I took a quick look through recent draft history to try to see how often the first QB taken actually ends up being the best QB from his draft. I started with 2021 and worked backwards, as I think the last two drafts are too early to call:
2021: Trevor Lawrence - Definitely the best of the bunch so far, though we saw first hand how different it looked when the rest of the operation was a mess. He didn't fix anything by himself.
2020: Joe Burrow - I think he's been the best so far, but Jalen Hurts in the 2nd round is right there. Tua and Herbert have proven to be no slouches either.
2019: Kyler Murray - While he is technically the best of a bad lot, is anyone inspired by his tenure in Arizona so far?
2018: Baker Mayfield - Josh Allen at #7 and Lamar Jackson at #32 have been leagues better than him.
2017: Trubisky went #2. Mahomes went #10. Enough said.
2016: Jared Goff - Late bloomer, and outshined so far by Dak Prescott (though that's a bit of an abberation in the 4th round, and Goff is having a great year).
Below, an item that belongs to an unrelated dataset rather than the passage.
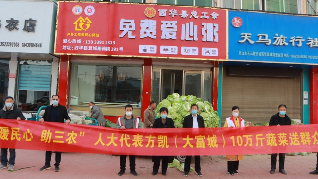 • “中國(guó)好人”、周口市人大代表方凱幫助黃橋鄉(xiāng)菜農(nóng)解決蔬菜滯銷難題,并通過(guò)西華縣紅十字會(huì)向這些單位捐贈(zèng)10萬(wàn)斤蔬菜,讓滯銷菜變“暖心菜”。方凱的這一舉動(dòng),受到群眾的稱贊。

I'd say he's the best of a ROUGH year for QBs.
2015: Winston and Mariota went 1 and 2, and it somehow went DOWNHILL from there. So they were the "best" but... ugh.
2014: Blake Bortles - Derek Carr went in the 2nd round and has been the best of that year by far.
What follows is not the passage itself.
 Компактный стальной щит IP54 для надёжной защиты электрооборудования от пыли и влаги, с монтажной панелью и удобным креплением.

The point here isn't that having a high pick isn't better in a vacuum, it's that intentionally tanking (which I don't believe many teams, if any, actually ever do) to get one guy specifically is as likely to get you a Bortles or Mayfield as it is a Burrow or Lawrence. I'd rather they keep trying to build winning habits, and let the pick fall where it may.